Small AI chip designer could become Arm’s sibling – Softbank was rumored to be interested in buying cash-strapped Graphcore, with its IPU crown jewel likely to be targeted

Graphcore, a British AI chip designer once considered a potential rival to Nvidia, is now exploring a sale after struggling to capitalize on the AI ​​boom.

Despite substantial funding, including more than $700 million from investors like Microsoft and Sequoia, the company’s revenues fell 46% last year and losses have widened since then. The company has not been able to compete with Nvidia’s graphics processing units, which have seen a surge in demand during the AI ​​revolution.

Rumored potential buyers for Graphcore include British microchip company Arm, Japanese tech conglomerate Softbank (which has a majority stake in Arm) and AI darling OpenAI. However, it remains unclear how far along these sales talks are.

No more cash

Graphcore, meanwhile, continues to make independent fundraising calls, seeking new funding to cover mounting losses. The company has already laid off staff and closed international offices in an effort to cut costs.

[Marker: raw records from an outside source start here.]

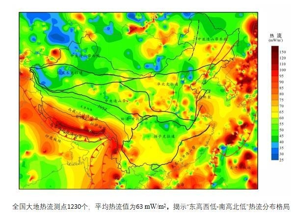 中国大陆地区大地热流分布图(2019)
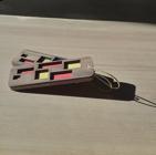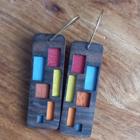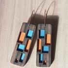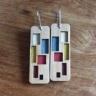 Le motif de cette boucle d'oreille est inspiré d'une oeuvre de Sonia Delaunay. L'idée est ici de juxtaposer des carrés de couleur et de jouer sur des effets de profondeur.
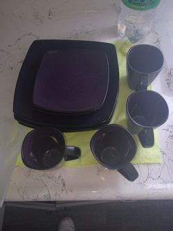 Purple And Black Plates And Cups $10San Bernardino, CA
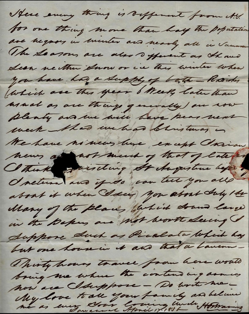 This letter will be dropped at Line Port by the Steamer Talleyrand. I will leave it open until she arrives. Your negroes (except Harick) are all well, but showing considerable disposition to lay up, or in other words, to possum.
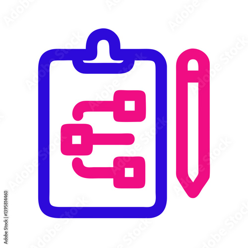 Icon of a project plan with flowchart elements and pencil
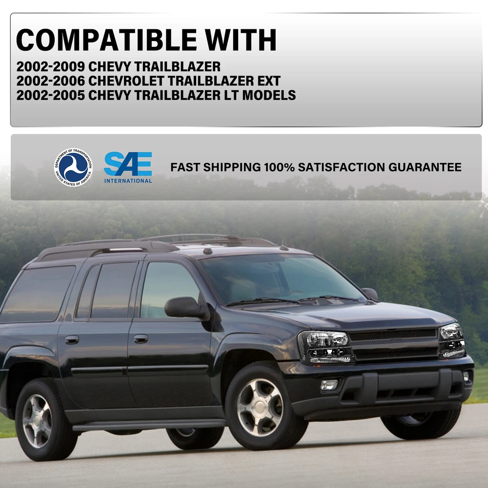 Store Categories Store Categories Other Product Description Compatible with: For 02-09 Chevrolet Trailblazer 02-06 Chevrolet Trailblazer EXT Only Fits Models with Full Length Grill Bar Package Includes: 1 set headlights (high/low beam bulbs are included) Payment Policy Shipping Policy Returns Policy About us Payment Policy We accept PayPal and all forms of credit card. Please submit your payment within 7days after your purchase. Otherwise, eBay will automatically open an Unpaid Item Dispute on our behalf if the item(s) are not paid within 7days. We DO NOT SHIP TO PO BOXES, And Customer Needs To Provide a Physical Address. Shipping Policy All Orders Will Ship Within Two Business Days.Except PR,HI,AK,GU and PO Box addresses. No local pick up All Packages Will Be Inspect Before Shipping, We Will Provide All Packing Material Needed For Your Package For Shipping Such As Boxes, Cushioning And Tape To Improve Shipping Quality. Very Important: Double check shipping address. We are not responsible for incorrect or undeliverable addresses. Returns Policy 30 Days returns satisfaction guarantee.90 Days warranty. All of Our Items Are 100% Brand New, We Do Not Sell Anything Other Than That. If The Item Shows Up Defective or Broken, Please Contact Us Within 3 Business Days By Using "Ask A Question" Link Located At The Bottom of Our Listing. Your Questions/Concerns Will Be Responded Within 24 Hours Monday To Friday. Buyers May Contact us On The Weekends or Pubic Holidays And We Will Respond On The Next Working Day. We Will Offer Replacements, Exchange or Full Refund. 100% Satisfaction Guaranteed. We Will File Damage Or Lost Claim For Our Buyers And Guaranteed Buyers Will Receive Products In A Timely Manner. About us Welcome to AU's eBay Store. We specialize in aftermarket automotive car parts and is the #1 industry distributor for affordable and quality products. We have our warehouse in CA.Item will be shipped out within 48 hours after payment cleared via UPS or Fedex. All emails will be answered within 1 business day during our business hours, except on weekends and major holidays. Before leaving us negative review, please contact our C ustomer Support Team first. We will do our best to offer satisfactory service to the customers. Copyright © 2023 Dianxiaomi
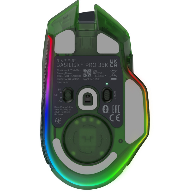 "Razer Basilisk V3 Pro 35K. Form factor: Right-hand. Movement detection technology: Optical, Device interface: RF Wireless + Bluetooth + USB Type-A, Movement resolution: 35000 DPI, Buttons type: Pressed buttons, Buttons quantity: 11, Scroll type: Wheel, Acceleration (max): 70 G. Illumination colour: Multi. Power source: Batteries/Cable. Product colour: Green"\n"RAZER BASILISK V3 PRO 35K
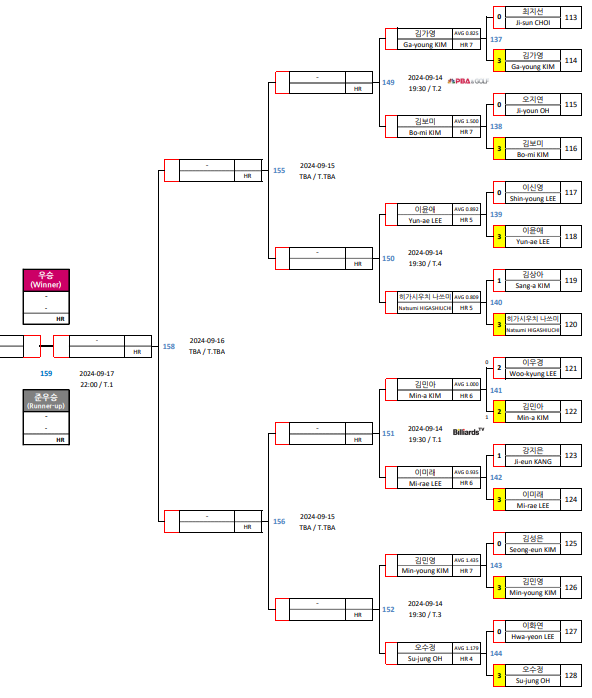 | 크라운해태 LPBA 챔피언십 2024 한가위 - 8강 대진표 16강 경기결과 (1) | 2024.09.15 |
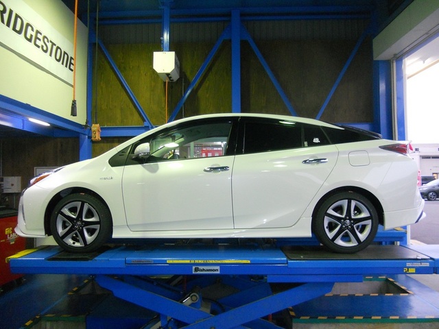 本日の作業紹介は、まだまだ見かける車両は少なめの50系プリウスのホイール交換です。
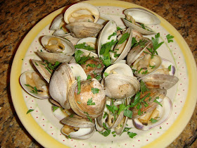 Heat the grill to medium heat. Clean all of the closed clams by scrubbing them under running cool water. You want to make sure you get all the sand & grit out of them. If any of your clams have opened up, make sure that they are still alive by tapping them on the counter. If the clam doesn't close back, discard it. Place the cleaned clams on the grill & cook until they start to open, 17-22 minutes. If a clam doesn't open after 22 minutes or so, discard. While the clams are cooking, melt the butter on medium/ high heat in a small skillet or sauce pan. Add the minced garlic & cook until golden. Using a small spoon, scoop out the milk solids that accumulate at the top & discard. Keep the garlic butter warm on low heat until the clams are ready. When the clams are finished cooking, plate them in a shallow bowl (I used a pasta bowl). Pour a little of the garlic butter directly over the clams then pour the rest into dipping bowls. Sprinkle the parsley over the clams. Serve immediately with the garlic butter to dip.

Yahoo! Finances says the company’s current financial situation indicates it will need to raise more money by May to stay afloat. This comes after a failed deal with Microsoft, where the tech giant reportedly initially agreed to use Graphcore’s chips in its cloud computing systems but later pulled out.

While Graphcore’s future remains uncertain, the company’s intelligence processing units could be a valuable asset in the fast-growing AI market. However, any sale, which could exceed $500 million, will likely be scrutinized by national security officials due to the strategic importance of AI technology.